### Provided entries:
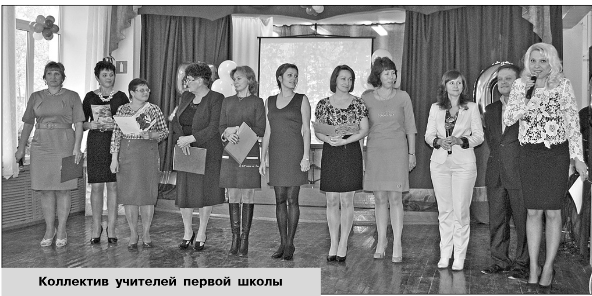
Коллектив учителей первой школы
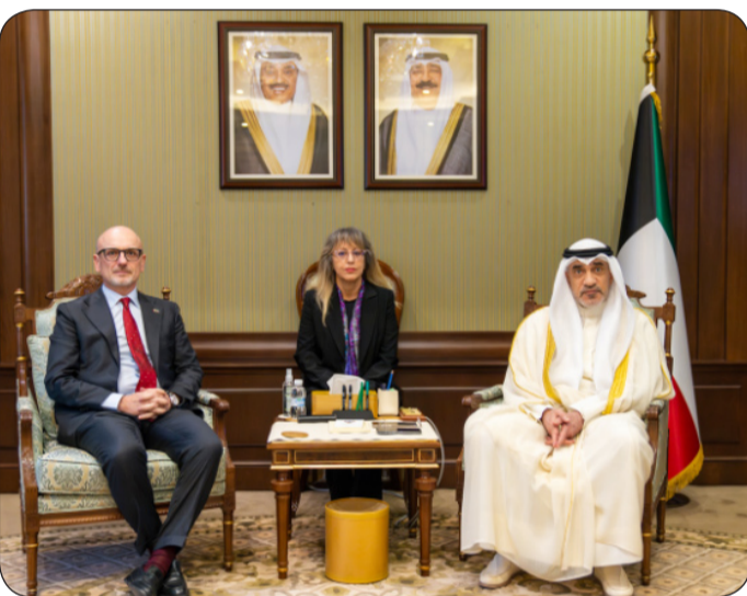
رئيس مجلس الوزراء بالإتابة مستقبلاً سفير جمهورية إيطاليا لدى البلاد
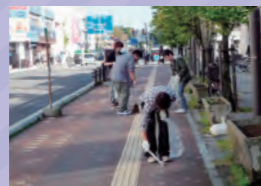
クリーンボランティア
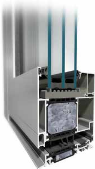
Tür MB-104 Passive SI
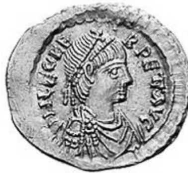
LEO I 457-474 d.C.

Normale legenda al rovescio: DN LEO PF AVG, DN LEOS PF AVG, DN LEONS PF AVG
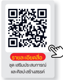
รายละเอียดชุด เสริมประสบการณ์และศิลปะสร้างสรรค์
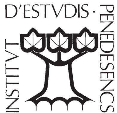
Antic logotip de l'IEP.

ral penedesenca en col·laboració amb els centres d'estudis locals, les biblioteques, els museus i els arxius penedesencs i les admi-
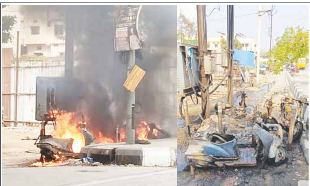
नांदेड - शहरातील चैतन्यनगर-विमानतळ रस्त्यावरील रोहीत्रास आज बुधवारी दुपारी अचानकपणे आग लागली. या आगीत रोहीत्राशेजारी लावलेल्या चार दुचाकी जळून खाक झाल्या.
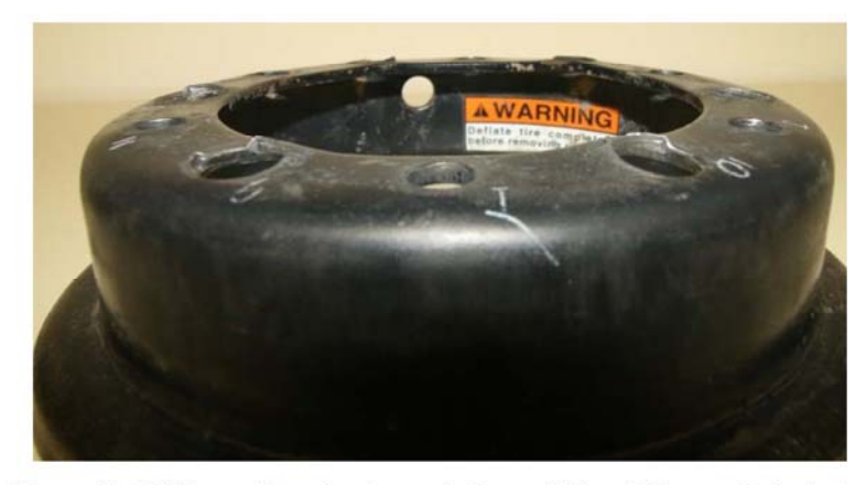
Figure 9 : Déformation des trous de la moitié extérieure de la jante.

L'observation de la moitié extérieure de la roue nous permet de constater que les grands trous sont déformés et montrent un signe d'arrachement du côté qui vient en contact avec l'autre moitié (Figure 9). Le métal y est partiellement déchiré et étiré. De plus, la forme de ces trous, plutôt que d'être ronde, correspond exactement à celle de la tête des boulons d'assemblage (Figure 10).
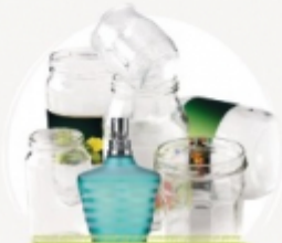
POTS, BOCAUX ET FLACONS EN VERRE
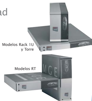
Modelos Rack 1U y Torre
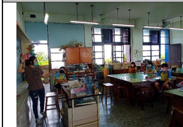
說明：藝文老師示範說明
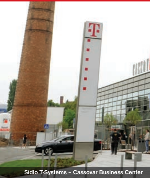
Sídlo T-Systems – Cassovar Business Center
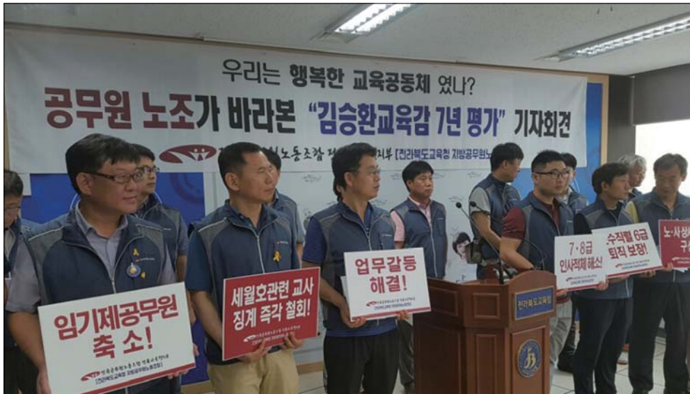
공무원 노조가 바라본 김승환 교육감 5일 전국공무원노동조합 전북교육청지부는 전북도교육청에서 '공무원 노조가 바라본 김승환 교육감 7년 평가' 회견을 열고 불통행정과 임기제 공무원 과다 임용 등을 꼬집었다.

학교폭력 예방 및 대응 실적이 있는 교원에겐 교육감이나 그 밖의 명부작성권자가 부여하는 가산점도 현행 연 0.1점에 총합계 2.00점까지 받을 수 있었으나 앞으로는 연 0.1점에 총합계는
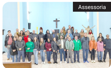
Representantes da comunidade Nossa Senhora do Perpétuo Socorro durante o lançamento oficial da programação da Quermesse 2026

Segundo a organização, a expectativa é ampliar a participação do público e fortalecer o vínculo entre escola, igreja e moradores do bairro. “Queremos celebrar a fé e também criar momentos de convivência para as famílias”, destacou a coordenação
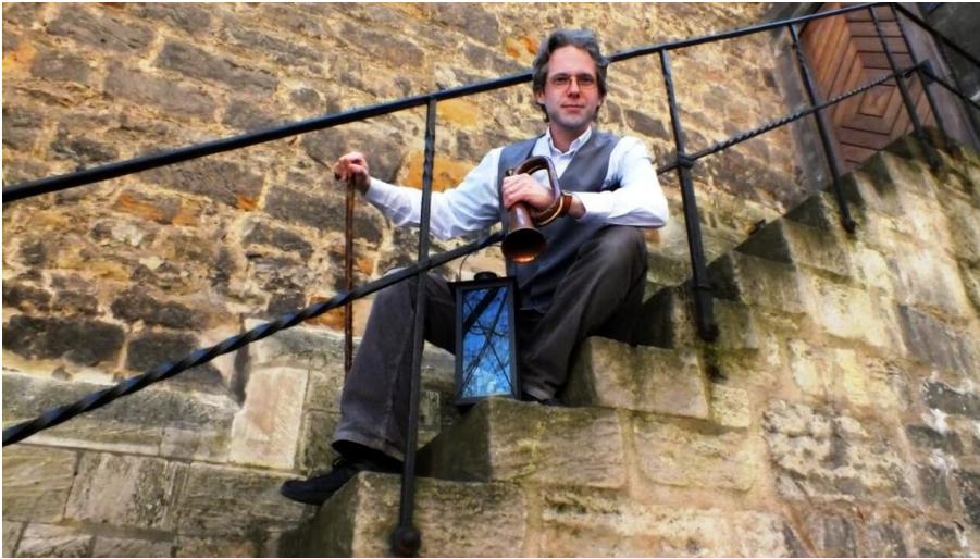
Kriminales und Kriminelles Sonderführung
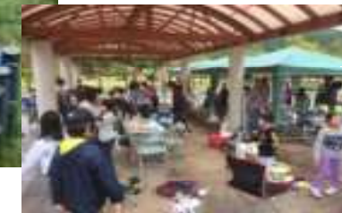
↓ウォークのあとにカレーを食べました。
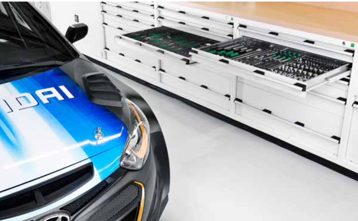
Hyundai Motorsport, Alzenau
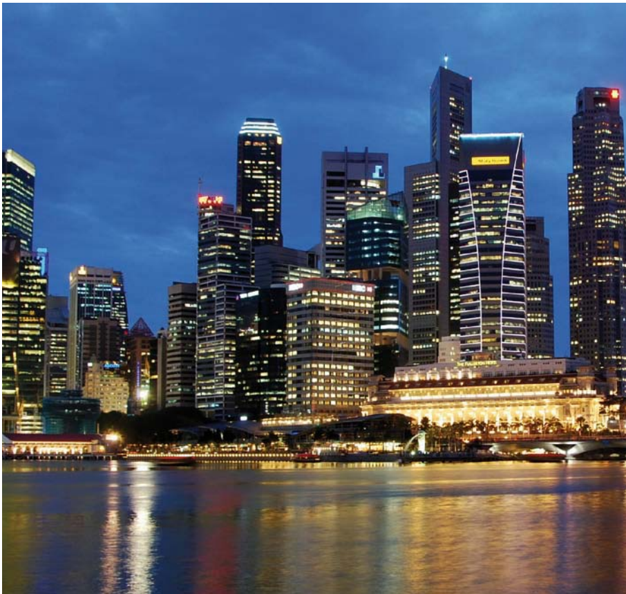
Les pays asiatiques qui hébergent une importante partie des dépôts d'épargne du monde entier sont déjà en train de développer leurs propres centres financiers. Photo: Singapour

Dans les hautes sphères des économistes américains, plusieurs sont d'avis que le poids du dollar américain est en train de fondre sur les marchés des capitaux mondiaux. Joseph Stiglitz, universitaire de renom et ancien économiste en chef de la Banque mondiale, dit ceci:
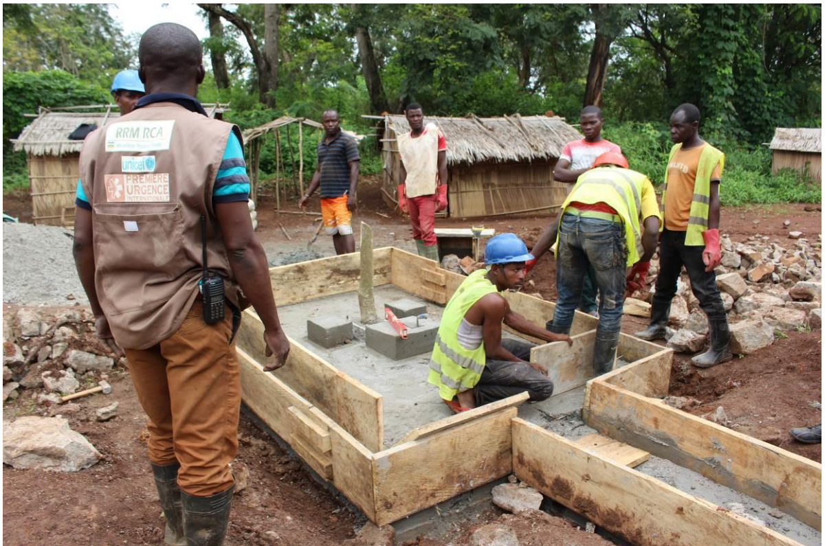
Réhabilitation forage à Noufou le 22/09/2016
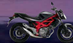
Metallic Thunder Gray / Glass Sparkle Black (AA3)
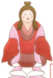
大宮売神 おおみやめのかみ
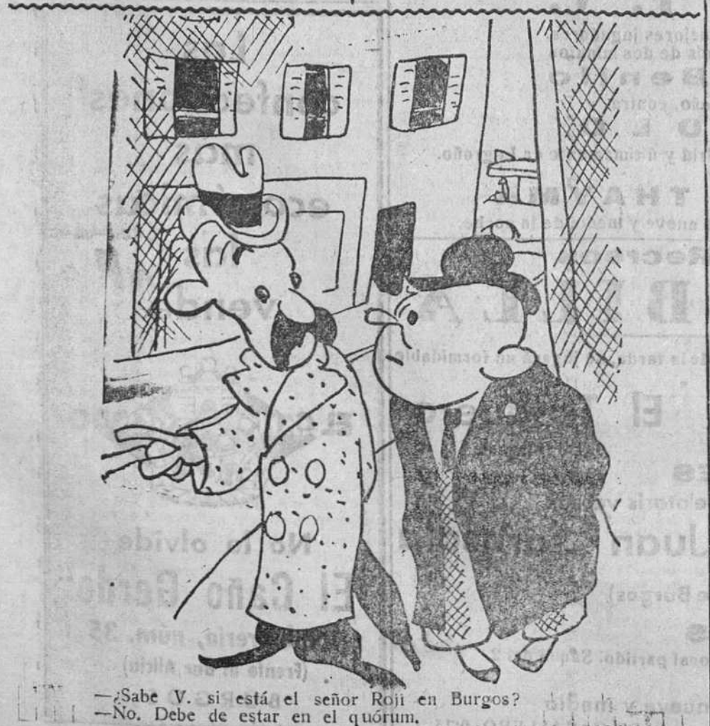
—Sabe V. si está el señor Roji en Burgos? —No. Debe de estar en el quórum.
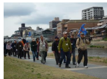
京都御苑を目指して鴨川河畔を北上
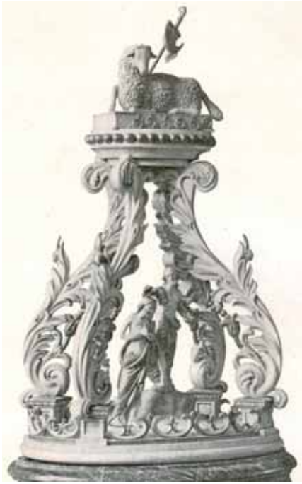
Deksel van het doopvont uit de Buitenkerk.
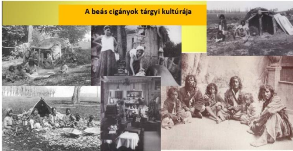
2. ábra: A beás cigányok tárgyi kultúrája

hagyományait. Munkájukra jellemző a kézművesipari tevékenység, de vannak, akik mezőgazdasággal foglalkoznak. Korábban teknővajással, fakanál készítésével és kosárfonással foglalkoztak leginkább. A cigány, roma népesség mindössze 8%-át teszik ki.
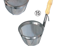
⑮夕華 18-8 みそこし
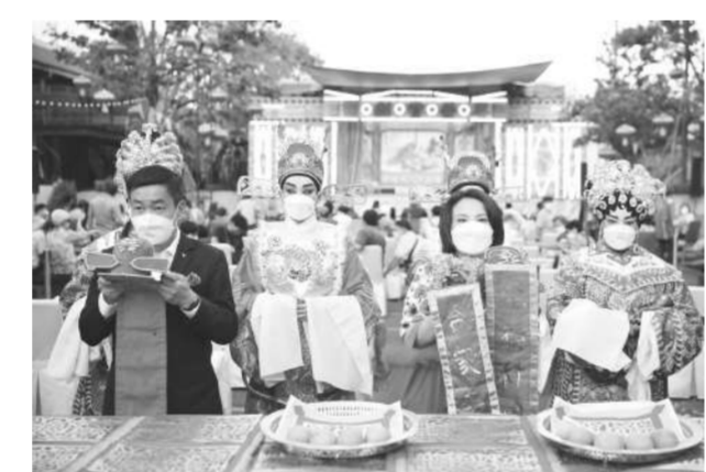
กราบไหว้ขอพรเจ้าแม่หม่าโจ้วเสริมสิริมงคล
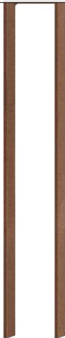
Anlehnbügel LOWELL, zum Einbetonieren, in Cortenstahl
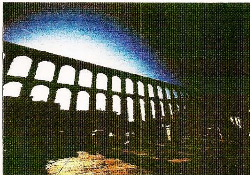
El acueducto de Segovia, una de las joyas patrimoniales de la ciudad castellana.

partamento de Turismo ha decidido apoyar la exposición - y en Burgos, por supuesto».
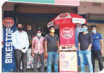
Corner Meet conducted at Ranchi, Jharkhand
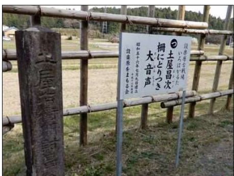
3242 織田軍の馬防柵と鉄砲台
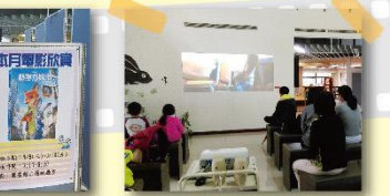
實中電影院，首映即受到好評
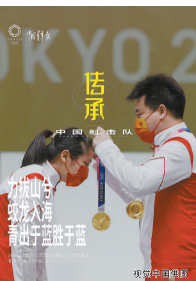
传承 中国足球队 力拔山河 蛟龙入海 青出于蓝胜于蓝

### Work to be completed:
All lines of the listing that contain the word "moitié" should be copied out.

### Solution below:
Figure 9 : Déformation des trous de la moitié extérieure de la jante.
L'observation de la moitié extérieure de la roue nous permet de constater que les grands trous sont déformés et montrent un signe d'arrachement du côté qui vient en contact avec l'autre moitié (Figure 9). Le métal y est partiellement déchiré et étiré. De plus, la forme de ces trous, plutôt que d'être ronde, correspond exactement à celle de la tête des boulons d'assemblage (Figure 10).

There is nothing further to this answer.